[Information given Boundary: Start]

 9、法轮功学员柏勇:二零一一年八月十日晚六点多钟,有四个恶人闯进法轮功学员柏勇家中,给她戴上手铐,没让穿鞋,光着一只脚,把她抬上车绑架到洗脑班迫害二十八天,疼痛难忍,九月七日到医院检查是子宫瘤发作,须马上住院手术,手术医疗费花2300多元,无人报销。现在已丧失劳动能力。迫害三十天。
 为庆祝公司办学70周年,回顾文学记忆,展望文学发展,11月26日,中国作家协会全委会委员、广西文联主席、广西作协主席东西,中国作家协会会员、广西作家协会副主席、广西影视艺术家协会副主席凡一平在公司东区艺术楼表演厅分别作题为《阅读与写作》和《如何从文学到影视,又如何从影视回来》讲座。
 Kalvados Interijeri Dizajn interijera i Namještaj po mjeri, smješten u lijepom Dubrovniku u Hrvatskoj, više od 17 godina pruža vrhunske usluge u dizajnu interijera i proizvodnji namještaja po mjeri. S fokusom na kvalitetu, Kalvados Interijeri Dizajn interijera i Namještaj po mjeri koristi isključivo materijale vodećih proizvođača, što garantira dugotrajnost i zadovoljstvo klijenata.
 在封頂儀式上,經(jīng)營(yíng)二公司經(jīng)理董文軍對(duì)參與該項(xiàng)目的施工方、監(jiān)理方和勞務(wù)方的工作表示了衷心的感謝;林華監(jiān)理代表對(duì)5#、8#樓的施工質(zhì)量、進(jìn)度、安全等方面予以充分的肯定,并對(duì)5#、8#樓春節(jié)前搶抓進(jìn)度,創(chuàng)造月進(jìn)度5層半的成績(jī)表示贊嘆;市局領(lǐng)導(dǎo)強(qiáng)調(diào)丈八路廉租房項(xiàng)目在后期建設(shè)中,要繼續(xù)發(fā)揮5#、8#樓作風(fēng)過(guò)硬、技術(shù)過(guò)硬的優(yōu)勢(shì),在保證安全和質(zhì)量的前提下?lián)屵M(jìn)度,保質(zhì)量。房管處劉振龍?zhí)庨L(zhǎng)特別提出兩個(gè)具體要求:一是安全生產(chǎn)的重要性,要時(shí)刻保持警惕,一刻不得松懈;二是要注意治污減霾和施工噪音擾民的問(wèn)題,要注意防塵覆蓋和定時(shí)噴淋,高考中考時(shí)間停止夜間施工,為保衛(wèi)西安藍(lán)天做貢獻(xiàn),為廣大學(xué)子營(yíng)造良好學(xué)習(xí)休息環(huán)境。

[Information given Boundary: End]
[Information given Boundary: Start]

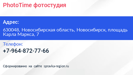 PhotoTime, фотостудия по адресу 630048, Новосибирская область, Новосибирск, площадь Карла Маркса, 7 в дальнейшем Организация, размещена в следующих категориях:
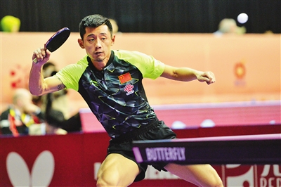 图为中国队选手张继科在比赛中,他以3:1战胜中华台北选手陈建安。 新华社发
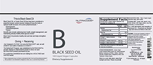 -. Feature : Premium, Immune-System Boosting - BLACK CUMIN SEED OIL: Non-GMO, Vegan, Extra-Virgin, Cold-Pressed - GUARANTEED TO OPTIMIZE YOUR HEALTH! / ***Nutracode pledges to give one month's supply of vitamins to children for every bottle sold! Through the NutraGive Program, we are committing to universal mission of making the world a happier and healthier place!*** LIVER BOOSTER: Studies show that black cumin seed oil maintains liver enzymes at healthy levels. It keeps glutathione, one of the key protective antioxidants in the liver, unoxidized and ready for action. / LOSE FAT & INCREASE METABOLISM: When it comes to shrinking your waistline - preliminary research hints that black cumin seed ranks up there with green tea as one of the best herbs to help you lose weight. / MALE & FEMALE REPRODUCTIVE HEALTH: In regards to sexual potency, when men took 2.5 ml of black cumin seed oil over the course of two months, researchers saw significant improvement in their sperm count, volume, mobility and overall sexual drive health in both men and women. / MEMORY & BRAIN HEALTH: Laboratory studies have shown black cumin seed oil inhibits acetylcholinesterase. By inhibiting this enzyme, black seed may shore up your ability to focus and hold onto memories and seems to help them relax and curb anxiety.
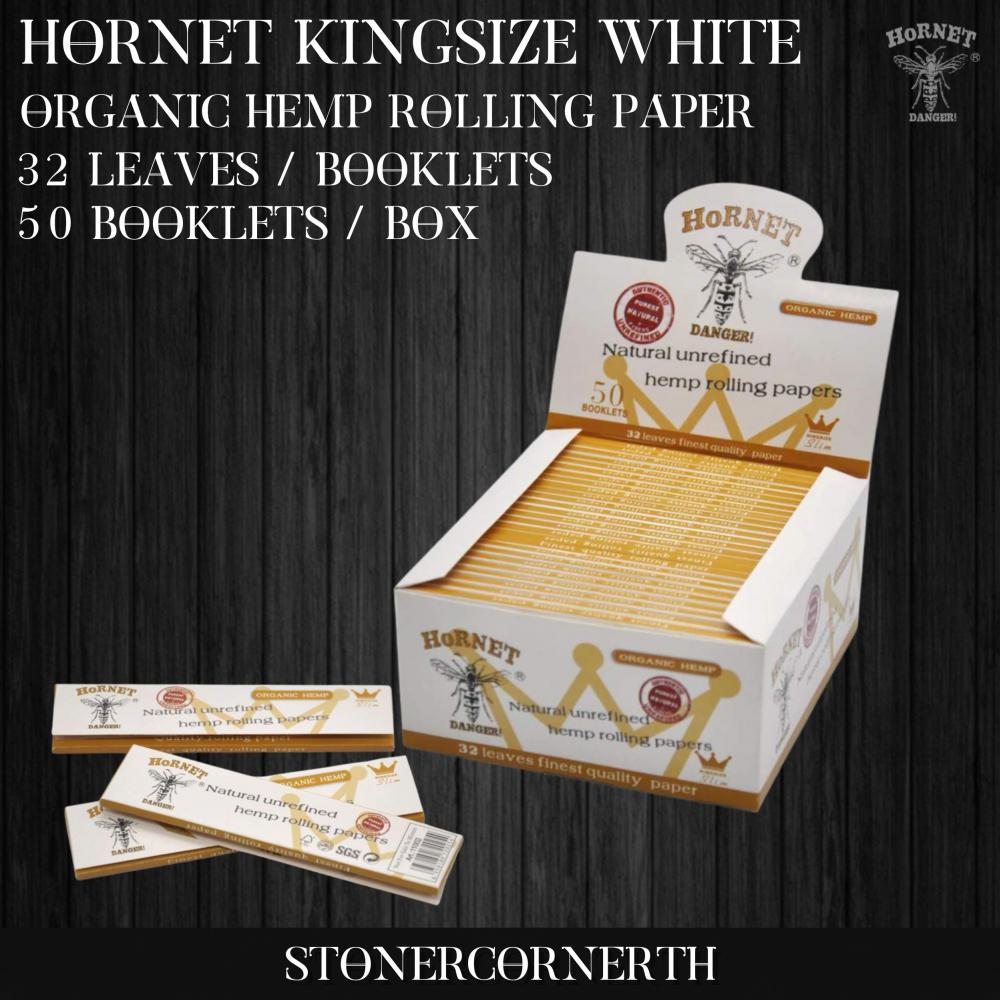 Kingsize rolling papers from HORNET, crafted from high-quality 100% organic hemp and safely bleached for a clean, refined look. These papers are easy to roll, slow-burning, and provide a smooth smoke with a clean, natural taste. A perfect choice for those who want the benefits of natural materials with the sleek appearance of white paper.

[Information given Boundary: End]

Transcribe the lines above between the line holding "9、法轮功学员柏勇:二零一一" and the line holding "为庆祝公司办学70周年,回顾", inclusive, exactly as they stand and with nothing added.

_Task output_
 9、法轮功学员柏勇:二零一一年八月十日晚六点多钟,有四个恶人闯进法轮功学员柏勇家中,给她戴上手铐,没让穿鞋,光着一只脚,把她抬上车绑架到洗脑班迫害二十八天,疼痛难忍,九月七日到医院检查是子宫瘤发作,须马上住院手术,手术医疗费花2300多元,无人报销。现在已丧失劳动能力。迫害三十天。
 为庆祝公司办学70周年,回顾文学记忆,展望文学发展,11月26日,中国作家协会全委会委员、广西文联主席、广西作协主席东西,中国作家协会会员、广西作家协会副主席、广西影视艺术家协会副主席凡一平在公司东区艺术楼表演厅分别作题为《阅读与写作》和《如何从文学到影视,又如何从影视回来》讲座。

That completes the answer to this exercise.